What is Data SGP?

Data sgp is the collective of aggregated student performance data collected over time that teachers and administrators use to make decisions about instruction and assessment. The information can be used to identify areas for improvement, inform classroom practice, support teacher evaluation systems and support research initiatives at the school and district levels.

Data SGP utilizes longitudinal standardized test data to produce statistical growth percentiles, which measure a student’s relative progress compared to their academic peers. Unlike traditional test score averages, which often report results that are difficult to interpret, growth percentiles provide a clear picture of a student’s progress over time, making them easier to understand and more useful for educational decision-making.

These percentiles are also a powerful tool to communicate with stakeholders that a student is on track to achieve proficiency within a specified timeframe. This can be particularly important for Michigan educators who incorporate student growth percentiles into their educator evaluation system.

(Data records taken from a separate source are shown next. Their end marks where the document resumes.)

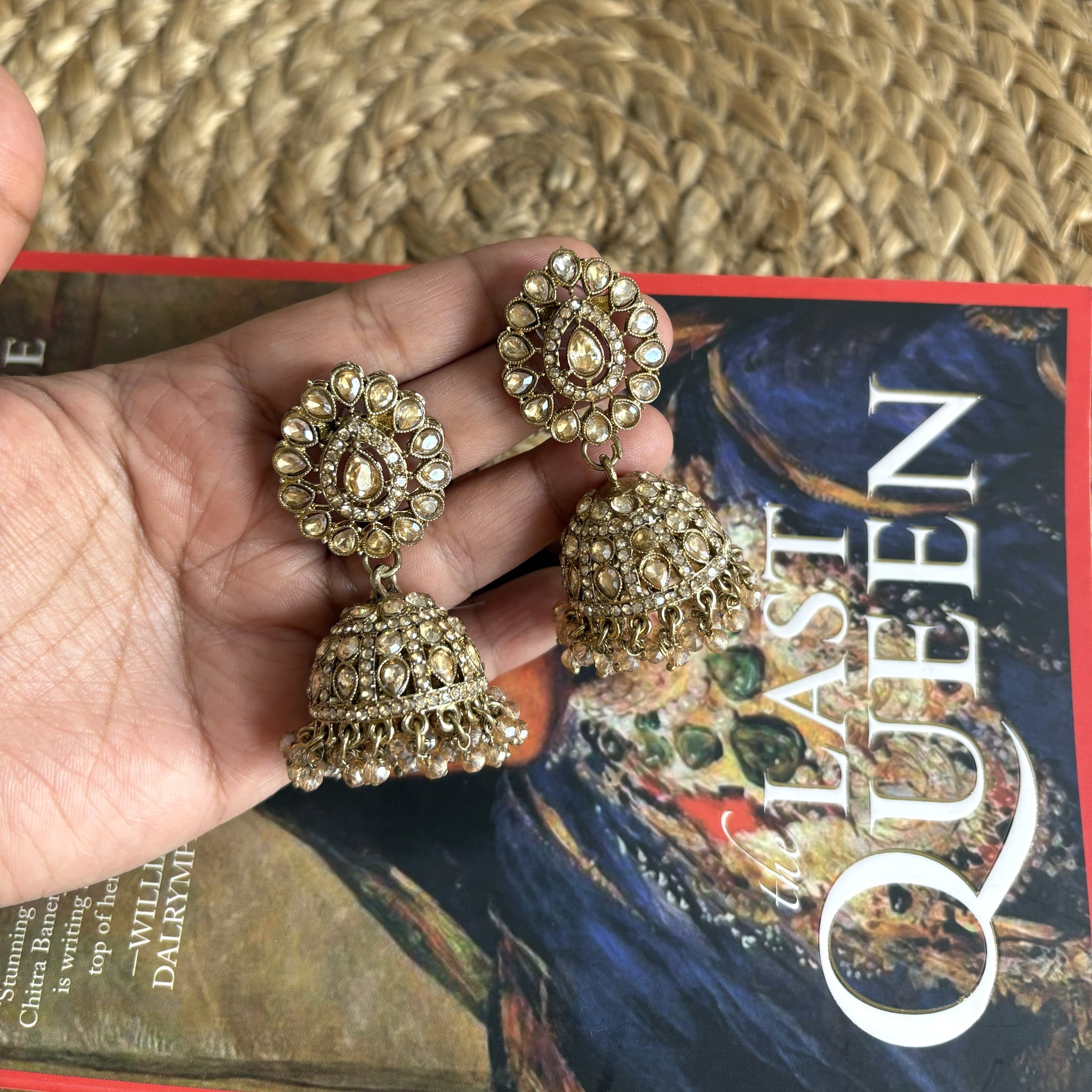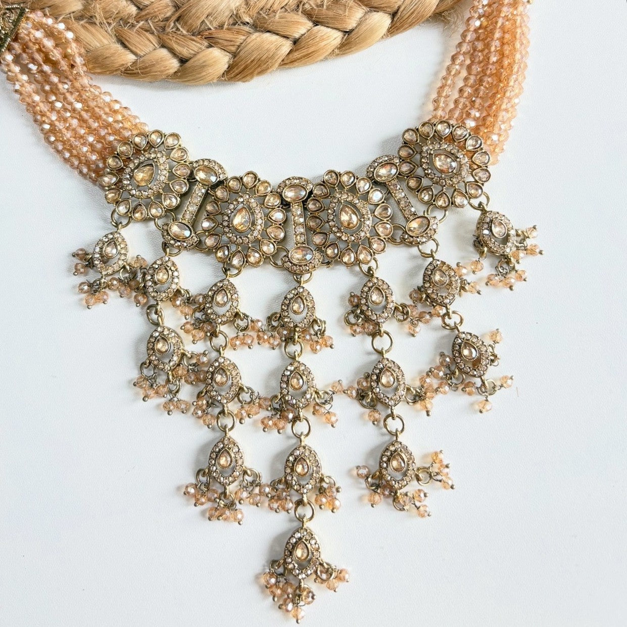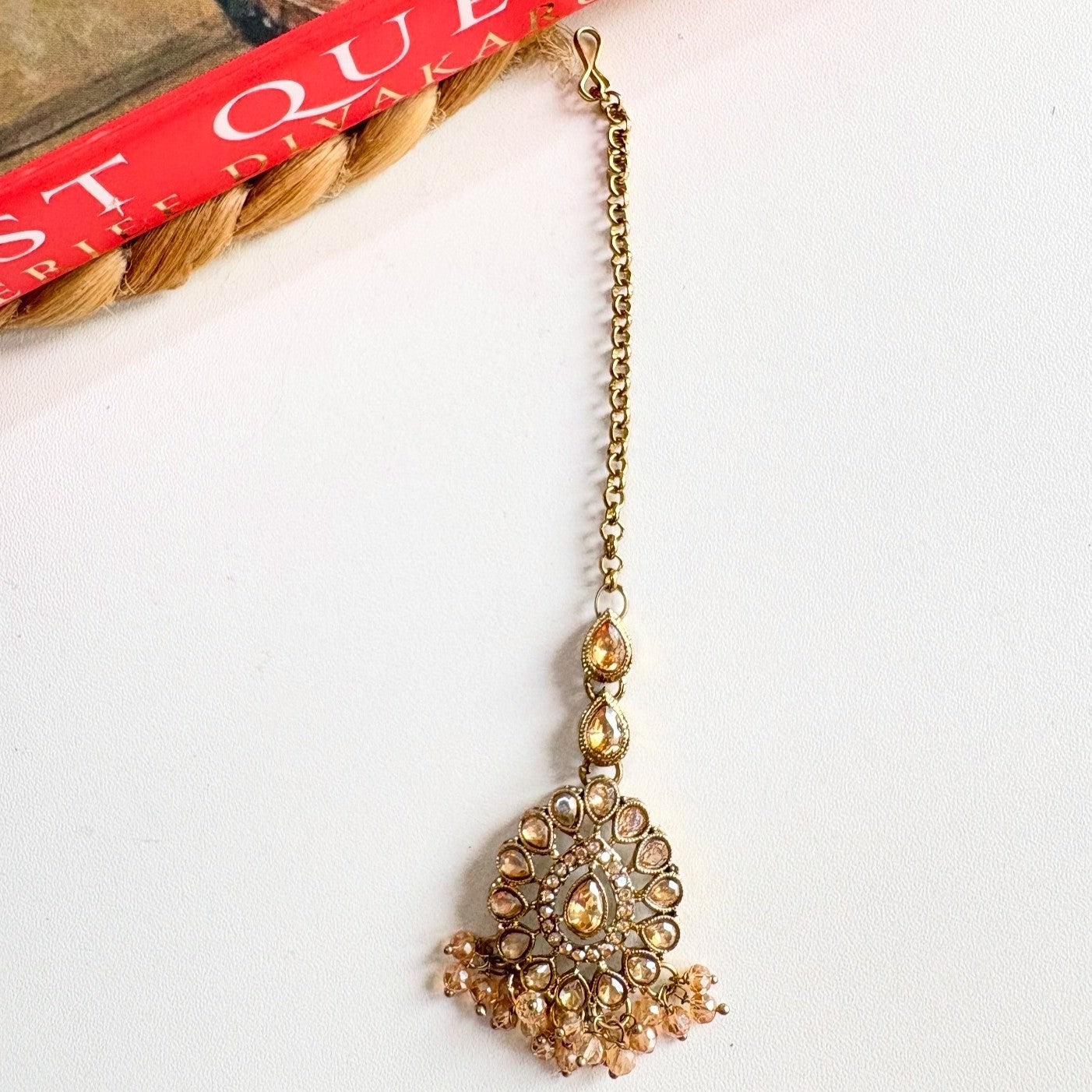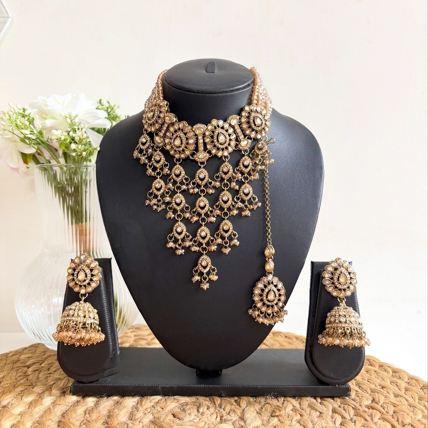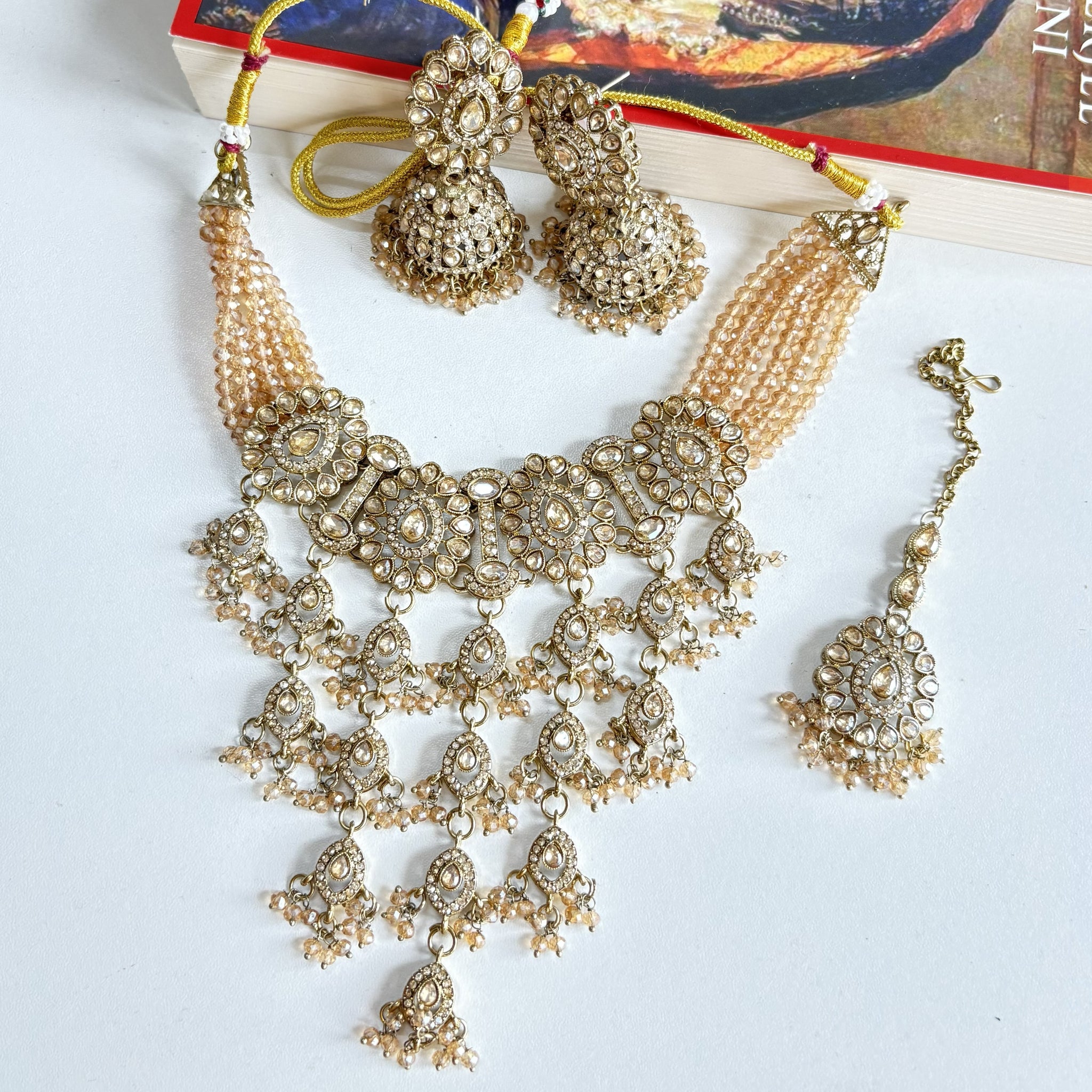 An exquisite statement jewellery set crafted with intricate detailing, perfect for brides and festive occasions. Comes with matching jhumkas and mang tikka for a complete royal look.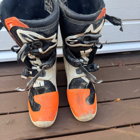 Myydän tyylikkäät vain muutaman kerran asvaltilla ajossa olleet Alpinestars tech6 motocross saappat koko us8 eu42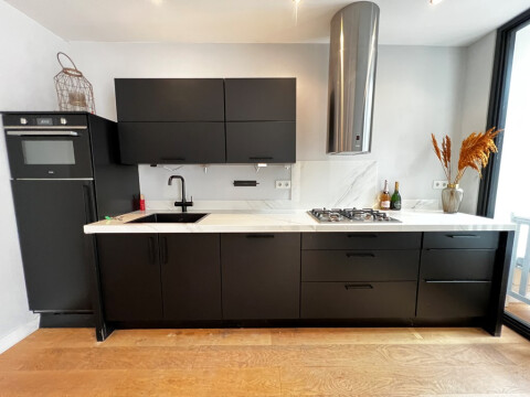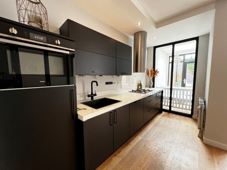 - luxe keuken voorzien van alle nodige inbouw apparatuur zoals vaatwasser, oven/magnetron, koel/vries combinatie en gasfornuis.
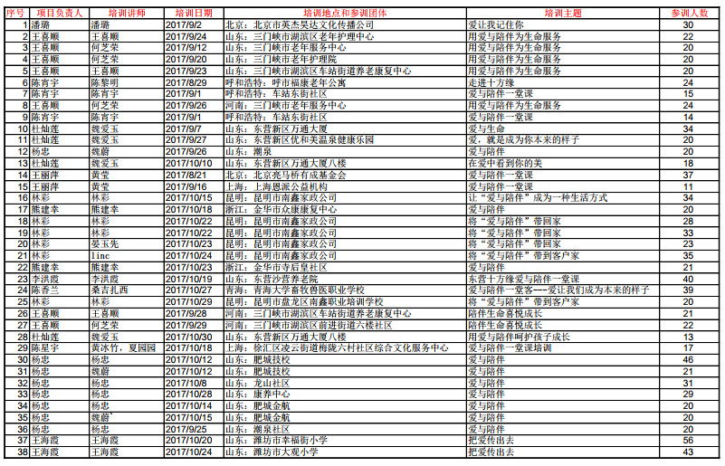 全国开展”爱与陪伴一堂课“项目公示:2017年9月-11月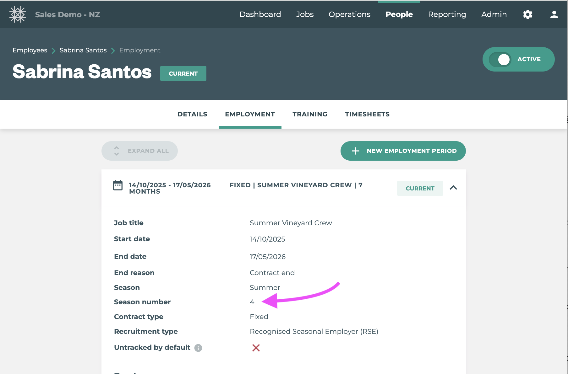 Employee experience can play a role in an employee’s earnings under both NZ and AU labour laws. To aid customers tracking this information in Tātou, we’ve added an Employee Season Number to each Employment Period. This number can either automatically calculate based on an employee’s unique Employment Periods, or can be manually updated to ensure it captures past seasons not captured in Tātou.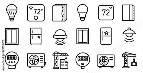 Smart home outline icons set – linear, connected, automation and device symbols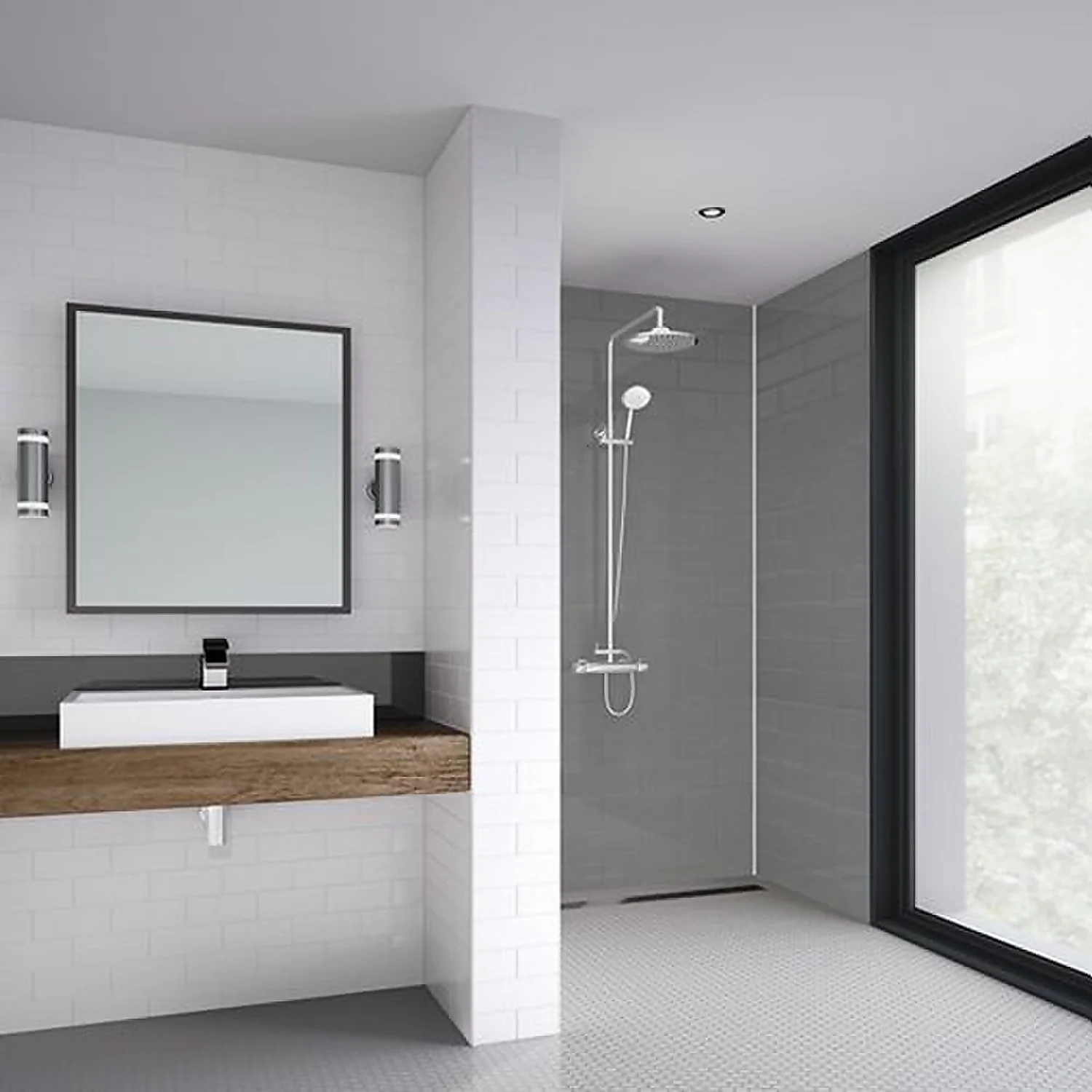 Wetwall Composite panels are great alternative to tiles. Featuring the urban look of embossed tiles, without any of the awkward installation needed. Our vertical panels are perfect for shower enclosures, measuring 1220 (w) x 2440mm (h) x 3mm (depth)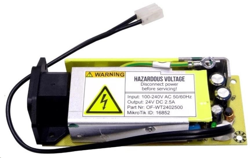 MikroTik 24V2APOW je náhradný interný napájací zdroj, ktorý je špeciálne navrhnutý len pre niektoré zariadenia MikroTik. Celkový výkon zdroja je 60 W pri 24 V a maximálnom prúde 2.5A. Kompatibilita s týmito modelmi CCR1009-7G-1C-1S+, CRS317-1G-16S+RM..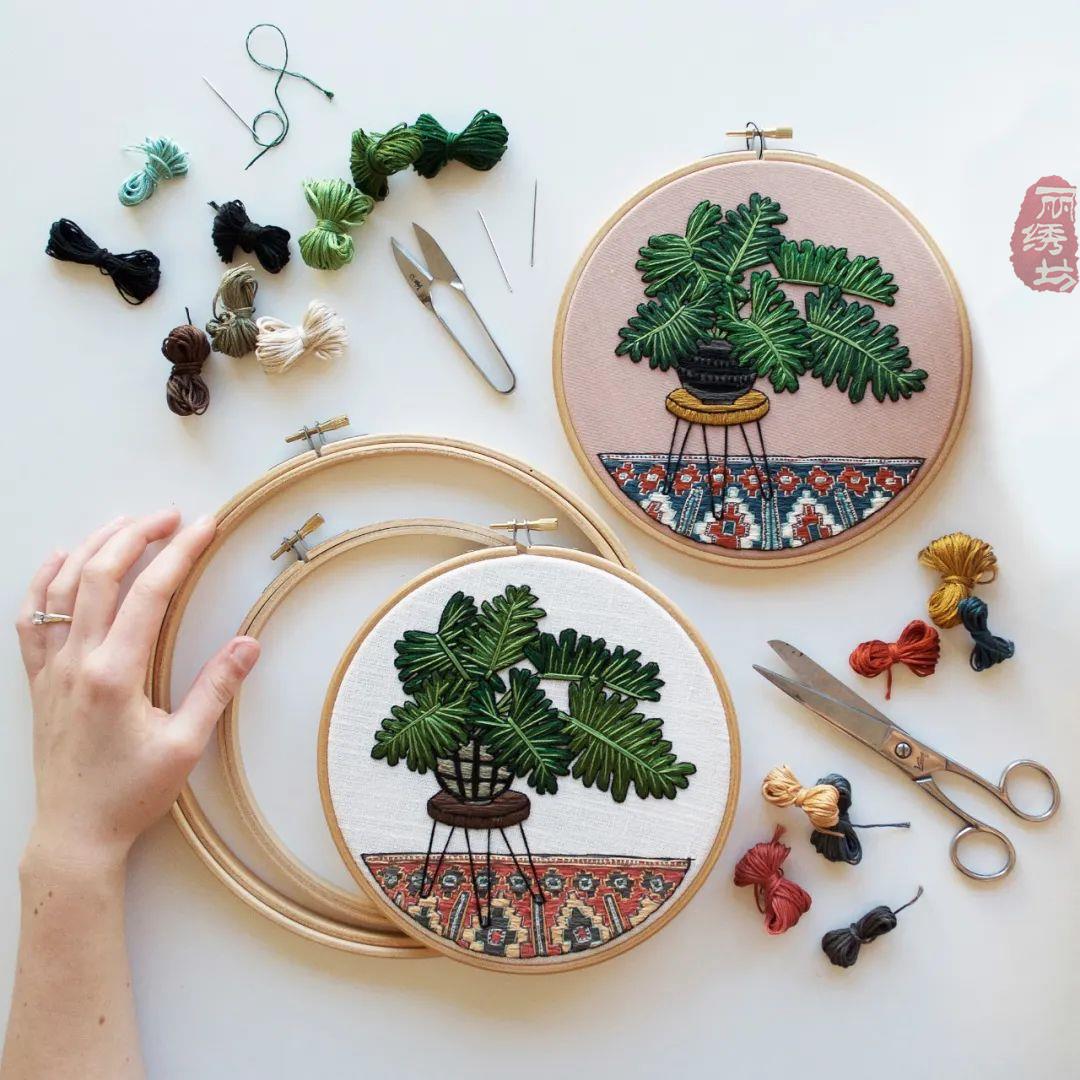 初,凱特琳只是將刺繡作為業余愛好。她喜歡刺繡的過程,因為可以將畫面中的植物,一點一點的描摹出來,賦予植物第二次生命。凱特琳以自然為靈感,以周圍的為磁場,開始一次又一次,一幅接著一幅的創作。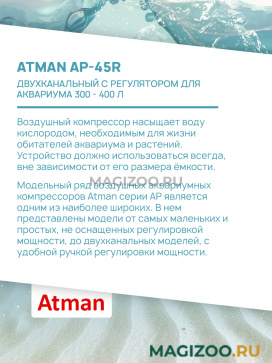 Модельный ряд воздушных аквариумных компрессоров Atman серии AP является одним из наиболее широких. В нем представлены модели от самых маленьких и простых, не оснащенных регулировкой мощности, до двухканальных моделей, с удобной ручкой регулировки мощности.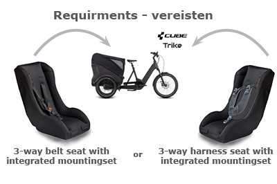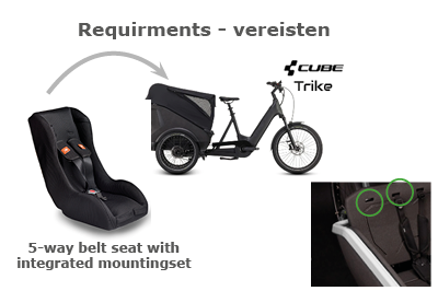 • BAKFIETS: 3 punts CUBE TRIKE bevestigingsset (uitsluitend icm een stoel met geïntegreerde bevestiging)
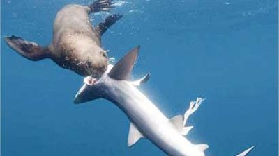 في مشهد مثير للاستغراب، تحوّل المفترس الى فريسة عندما شنت فقمة هجوماً مباغتاً على سمكة قرش والتهمتها في غضون دقائق معدودة!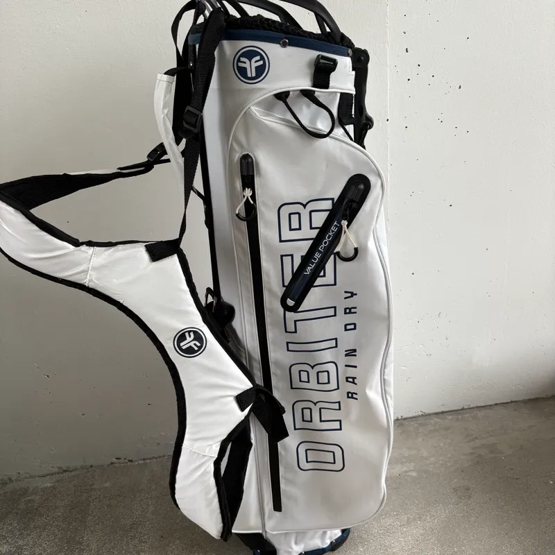 Vit Orbiter golfbag med många praktiska fack för förvaring. Perfekt för golfrundan, oavsett väder. Väskan är designad för att hålla dina värdesaker torra och säkra.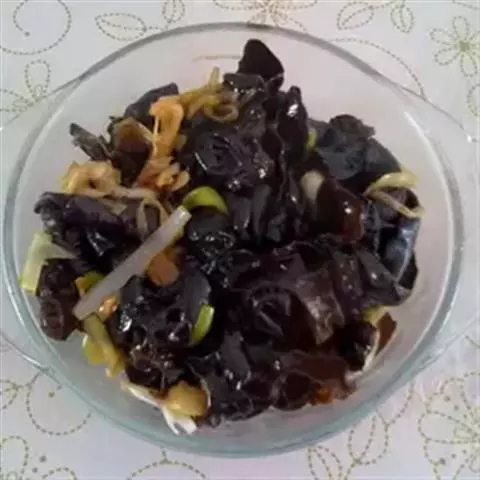香拌木耳,以泡发木耳、蒜瓣为主料的菜品。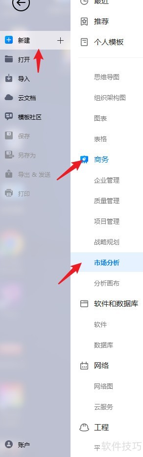 2、 点击新建,选择商务类别下的市场分析。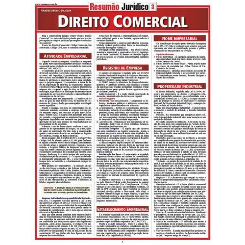 Fontes do Direito Comercial. Atividade empresarial. Registro de empresa. Junta comercial. Escrituração dos livros. Estabelecimento e nome empresarial. Propriedade industrial. Direito societário: sociedade não personificada, sociedade personificada simples, sociedade personificada empresária, sociedade em nome coletivo, sociedade em comandita simples. Sociedade limitada. Sociedade anônima. Sociedades coligadas. Títulos de crédito: letra de câmbio, nota promissória, cheque, duplicata. Contratos mercantis. Falência e recuperação judicial. Marca: Não Informado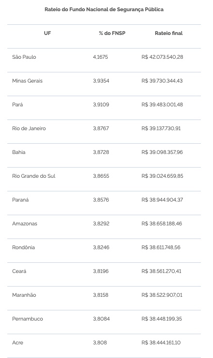 Em 2023, a parcela do FNSP repassada aos Estados será de R$ 1.009.563.054,00 (veja divisão abaixo). Além dos 80% para combater homicídios, 10% deverão ser destinados para ações de enfrentamento à violência contra mulheres e os outros 10% à melhoria da qualidade de vida dos profissionais da segurança pública.

Growth percentiles are generated by analyzing a student’s history of standardized test scores and comparing them against the results of all students who have taken the same assessment in the same grade. Using this method, a statistician determines the probability that a given student will reach a specific achievement level, such as the 75% of their academic peers. This method is significantly more robust than standard growth models and can be used to compare the performance of individual students, schools/districts and teacher groups.

Currently, SGP analyses are available only to those with access to the software environment called R. This free-of-charge, open source programming language is available for Windows, OSX and Linux computers. Since running SGP analysis requires a certain amount of familiarity with the program, numerous resources on the CRAN website help users get started.

In order to run SGP analyses, the sgptData_LONG data set must be downloaded and inserted into an R session. This dataset provides an example of a longitudinal panel data set consisting of 5 years of annual, vertically scaled, assessment data. It includes the sgpData meta-data and embedded state specific metadata to make it easy to analyze a variety of content areas in a single session. The sgpData_LONG data set also demonstrates the format required for use with lower level SGP functions such as studentGrowthPercentiles and studentGrowthProjections.

SGP leverages the power of the open source R software environment to automate the creation and analysis of student growth percentiles from longitudinal standardized test data. These percentiles can then be compared across students, schools and districts to allow for more accurate and efficient determination of students’ progress towards their academic goals.

While the term ‘big data’ is increasingly being used to describe enormous datasets that are too large for traditional data management tools, a similar challenge exists with the aggregation and analysis of student assessment data. In this article, we describe how the SGP tool addresses these challenges to make it more feasible to use student growth percentiles to improve teaching and learning in the real world.